Shortly following his Nobel Prize in 1990, Tonegawa again changed fields from immunology to neuroscience, where he has focused his research in the ensuing years.


Tonegawa is a fan of the Boston Red Sox, and threw out an opening pitch during their 2004 World Series championship season.


Tonegawa also served as Director of the RIKEN Brain Science Institute from 2009 to 2017.


Tonegawa was an early adopter of optogenetics and biotechnology in neuroscience research, leading to his groundbreaking work identifying and manipulating memory engram cells. In 2012, his lab demonstrated that the activation of a specific sub-population of mouse hippocampal neurons, labelled during a fear conditioning paradigm, is sufficient to evoke a behavioral response correlated with a precise memory trace.

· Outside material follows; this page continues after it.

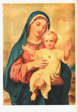 M. Eleonora Motylowska Zdj. z książki O. Cecyliana Niezgody OFMConv, Błogosławiona Klara Ludwika Szczęsna; Współzałożycielka Zgromadzenia Służebnic Najświętszego Serca Jezusowego 1863-1916, Kraków 2015. Celem tego Zgromadzenia miała być przede wszystkim „opieka nad służącymi i dziewczętami pozostającymi bez pracy"[7]. Zgromadzenie zostało założone rok wcześniej i było właściwie w fazie organizacji. W październiku 1886 roku Ludwika Szczęsna przyjechała do Warszawy. Tam, ona i jeszcze kilka dziewcząt zamieszkało w wynajętym mieszkaniu na ul. Wilczej nr 27. To pozwoliło s. Eleonorze Motylowskiej na zdecydowanie szybsze rozpoczęcie faktycznej działalności Zgromadzenia, gdyż właśnie w tym mieszkaniu „powstał pierwszy dom Sług Jezusa, a w nim pracownia sukien"[8]. Oczywiście pracownia była pewną zasłoną dla ukrycia właściwej działalności sióstr. Dwa miesiące później, dokładnie 8 grudnia, „w uroczystość Niepokalanego Poczęcia Najświętszej Maryi Panny Ludwika rozpoczęła nowicjat, przyjmując zakonne imię Honorata"[9]. To przyjęcie imienia zakonnego było tylko symboliczne, gdyż siostry tego zgromadzenia prowadziły w ukryciu swoje życie zakonne, a więc dla niewtajemniczonych pozostawała ona dalej panną Ludwiką. W ciągu tygodnia mieszkanie na ul. Wilczej służyło jako wspomniana już wcześniej pracownia sukien, gdzie Ludwika wykorzystywała swoje umiejętności krawieckie. Natomiast „w niedziele i święta odwiedzała znajome dziewczęta w miejscach ich pracy, prowadząc pogadanki religijne i lekcje katechizmu, poświęcając czas na wspólne czytania duchowne i rozmyślanie, a także na lekcje zawodu. Już wówczas wykonywała zadanie Sług Jezusa, jakim była opieka religijna, moralna i materialna nad służącymi i biednymi dziewczętami, by je przygotować do życia religijnego, uczciwej pracy i do założenia własnych chrześcijańskich rodzin"[10]. We wspomnieniach z tamtych czasów, zapamiętano nowicjuszkę Honoratę jako osobę cichą, pełną prostoty i pogody, miłującą wszystkich z którymi miała kontakt a zwłaszcza panny służące. Nowicjat zakończyła s. Honorata po dwóch latach, a rok po jego zakończeniu, w grudniu 1889 roku złożyła swoje pierwsze śluby zakonne, czyli tak zwane śluby roczne. Nie były to śluby kanoniczne, gdyż Zgromadzenie nie było jeszcze zatwierdzone przez Kościół. Ponieważ była to wspólnota tercjarska, jedynie zorganizowana na sposób zakonny, więc śluby te miały charakter prywatny. Ponawiała je co roku, przez cztery kolejne lata. Jeszcze w październiku 1889 roku skierowano s. Honoratę do Lublina, gdzie została przełożoną nowo otwartej w tym mieście placówki zgromadzenia. Oczywiście, oficjalnie była to pracownia krawiecka a panna Ludwika była jej kierowniczką. I tam także, podobnie jak w Warszawie, w czasie wolnym od legalnej działalności, prowadzono potajemnie pracę opiekuńczą. Siostry działały „w wielu środowiskach, zwłaszcza w tzw. zagrożonych, czyli wśród młodzieży i dzieci, wśród służących, osób przybywających do większych miast w poszukiwaniu pracy oraz wśród tych, którzy pracę utracili. (...) Dopełnieniem różnorakiej działalności służącej rozwojowi religijnemu i duchowemu oraz dziełom miłosierdzia było organizowanie nowych miejsc pracy, pracowni i warsztatów, w których najubożsi nie tylko pracowali, ale uczyli się nowych zawodów i podnosili swoje zawodowe kwalifikacje. W pracowni krawieckiej, ucząc dziewczęta kroju i szycia oraz dając im możliwości pracy zarobkowej, a równocześnie czuwając nad ich rozwojem duchowym i codziennym życiem, pracowała w Lublinie siostra Honorata do maja 1893 r. Pracowała także w kuchni dla ubogich"[11]. Niestety, jedna ze służących, którymi opiekowała się s. Honorata i która uczestniczyła w tych nielegalnych spotkaniach, opowiedziała swojej rodzonej siostrze o tym jak do tej pracowni przychodzą, czytają i rozmawiają. Z kolei ta siostra miała męża lokaja służącego u gubernatora i ona również opowiedziała to swojemu „mężowi - lokajowi, a ten gubernatorowi. Gubernator zarządził rewizję w domu Szczęsnej. Ludwika drżała z lęku, zwłaszcza w chwili, gdy żandarmi przeszukiwali szufladę, w której leżał zeszyt Ustaw Zgromadzenia Sług Jezusa. Ale zeszyt zaczepił się na górnej listewce szuflady i nie został przez nich dostrzeżony. Znaleźli tylko katechizm, który był wówczas drukiem dozwolonym. Uznano, że jest to jakieś pobożne zebranie osób, które nie ma charakteru politycznego, jednak zakazano prowadzenia pracowni, a prowadzącą ją Szczęsną wydalono poza granice guberni lubelskiej"[12]. Ludwika otrzymała trzy dni na wyjazd z Lublina do miejsca swojego zameldowania, czyli do Mławy. Ale zanim wyjechała, zdążyła jeszcze odwiedzić swojego ojca duchownego ks. Antoniego Nojszewskiego (1844-1921). Ten ksiądz podarował jej wówczas obrazek Matki Boskiej z Dzieciątkiem Jezus, które miało na piersiach wymalowane serce. Wręczając ten obrazek powiedział: „Idź, a gdzie będziesz, rozszerzaj nabożeństwo do Serca Jezusowego"[13].  Matka Boża z Dzieciątkiem, dar ks. A. Nojszewskiego. Zdj. z książki O. Cecyliana Niezgody OFMConv, Błogosławiona Klara Ludwika Szczęsna; Współzałożycielka Zgromadzenia Służebnic Najświętszego Serca Jezusowego 1863-1916, Kraków 2015. Ludwika przyjechała najpierw do Warszawy i tam udała się do domu Zgromadzenia Sług Jezusa. Tak wspominała ten przyjazd s. Alojza Rostkowska: „przełożeni nasi byli zakłopotani i przerażeni (...), obawiali się, że może pani Ludwika jest śledzona przez władze, dlatego nie mogła nawet nocować w domu zgromadzenia. W razie wykrycia, że pani Ludwika należy do zgromadzenia - od czego na razie ochronił ją wypadek z konstytucjami - wszystkie zgromadzenia a było ich kilkanaście w Warszawie, mogłyby ucierpieć. Drżan

This confirmed for the first time that memory information is stored in specific cellular ensembles in the hippocampus, now frequently called memory engram cells.


More recently, his lab continues to employ optogenetic Technology and virus injection techniques to expand their findings on the engram cell ensemble. Notably, Tonegawa has uncovered the role of memory engram cell ensembles in memory valence, as well as their role in brain disorders such as depression, amnesia, and Alzheimer’s disease. These works provide proofs of concept for Future medical treatments in humans through the manipulation of memory engram ensembles.